Instructions to follow
Each line below should be retyped exactly, with no pictures.

Provided material

◇ ◇ ◇ ◇

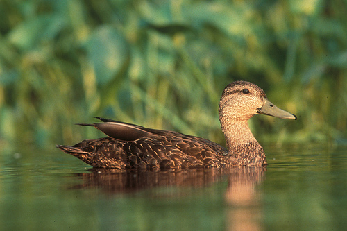 The American black duck is a dabbling duck and feeds in shallow water. It tips its head down and lifts its tail up so it can probe or dabble in the mud and water for submerged plants and seeds. It also eats mollusks, crustaceans, insect larvae, tadpoles, small fish, and frogs. It sometimes skims the surface of the water for seeds and aquatic invertebrates. |
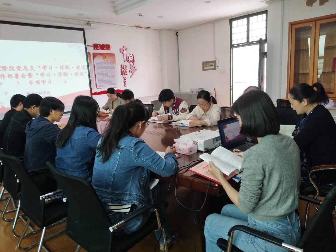 為迎接中國共產(chǎn)黨成立100周年,學(xué)習(xí)貫徹新修訂的《中國共產(chǎn)黨普通高等學(xué)?;鶎咏M織工作條例》,貫徹落實(shí)中央關(guān)于開展黨史學(xué)習(xí)教育和省委關(guān)于開展“再學(xué)習(xí)、再調(diào)研、再落實(shí)”活動的要求,學(xué)習(xí)調(diào)研,對標(biāo)對表,查找問題,重在建設(shè),推動我院黨建質(zhì)量全面創(chuàng)優(yōu)全面提升。4月26日上午,我院于科技樓1009會議室召開黨總支“學(xué)習(xí)·診斷·建設(shè)”行動工作部署會暨“學(xué)習(xí)·診斷·建設(shè)” 專項(xiàng)學(xué)習(xí)。
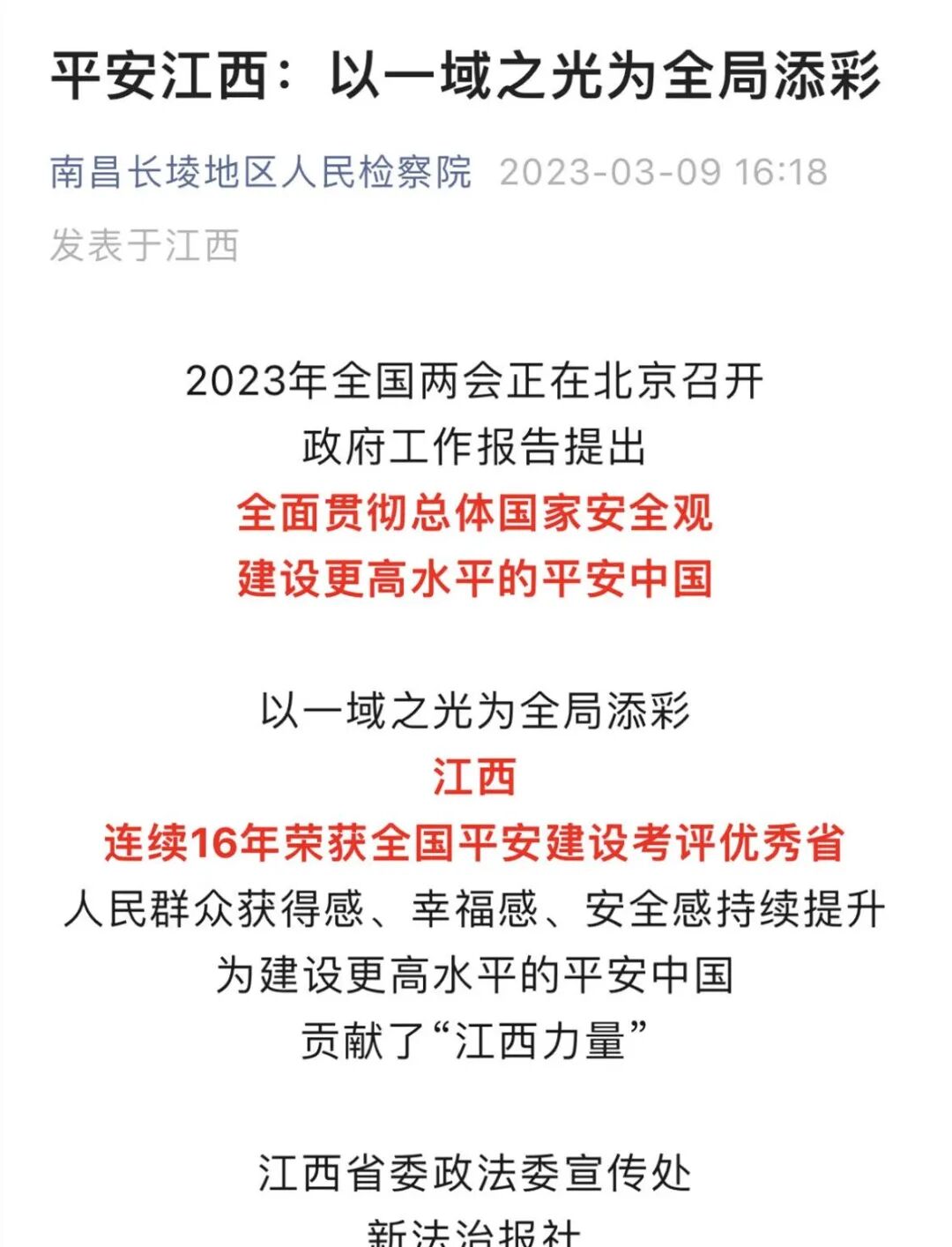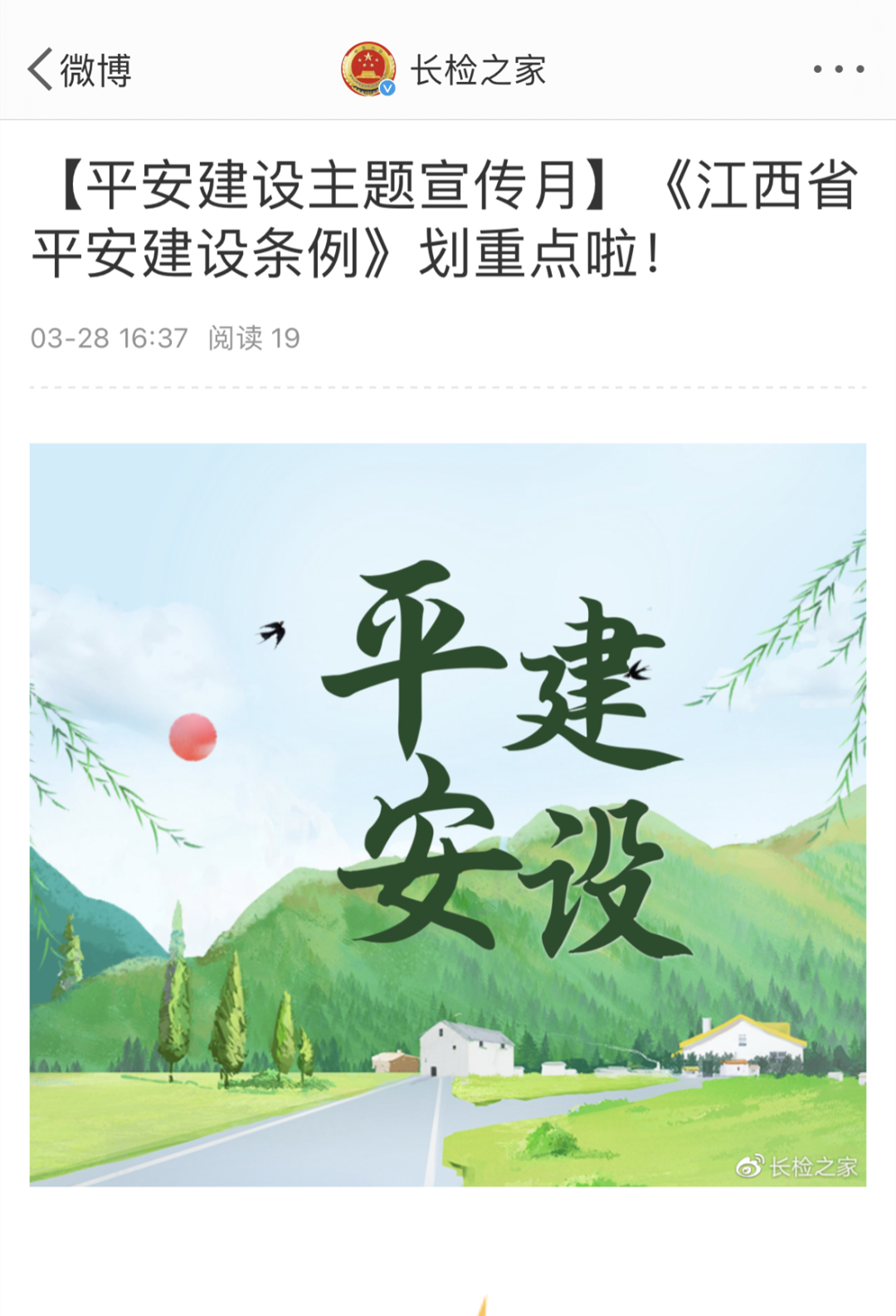 为深入学习贯彻习近平法治思想,特别是习近平总书记关于平安建设的重要指示精神,进一步掀起学习宣传贯彻《江西省平安建设条例》热潮,根据江西省平安江西建设领导小组办公室和江西省人民检察院部署安排,江西省南昌长堎地区人民检察院于2023年3月份组织开展“平安建设主题宣传月”活动。

◇ ◇ ◇ ◇

Expected answer
 The American black duck is a dabbling duck and feeds in shallow water. It tips its head down and lifts its tail up so it can probe or dabble in the mud and water for submerged plants and seeds. It also eats mollusks, crustaceans, insect larvae, tadpoles, small fish, and frogs. It sometimes skims the surface of the water for seeds and aquatic invertebrates. |
 為迎接中國共產(chǎn)黨成立100周年,學(xué)習(xí)貫徹新修訂的《中國共產(chǎn)黨普通高等學(xué)?;鶎咏M織工作條例》,貫徹落實(shí)中央關(guān)于開展黨史學(xué)習(xí)教育和省委關(guān)于開展“再學(xué)習(xí)、再調(diào)研、再落實(shí)”活動的要求,學(xué)習(xí)調(diào)研,對標(biāo)對表,查找問題,重在建設(shè),推動我院黨建質(zhì)量全面創(chuàng)優(yōu)全面提升。4月26日上午,我院于科技樓1009會議室召開黨總支“學(xué)習(xí)·診斷·建設(shè)”行動工作部署會暨“學(xué)習(xí)·診斷·建設(shè)” 專項(xiàng)學(xué)習(xí)。
 为深入学习贯彻习近平法治思想,特别是习近平总书记关于平安建设的重要指示精神,进一步掀起学习宣传贯彻《江西省平安建设条例》热潮,根据江西省平安江西建设领导小组办公室和江西省人民检察院部署安排,江西省南昌长堎地区人民检察院于2023年3月份组织开展“平安建设主题宣传月”活动。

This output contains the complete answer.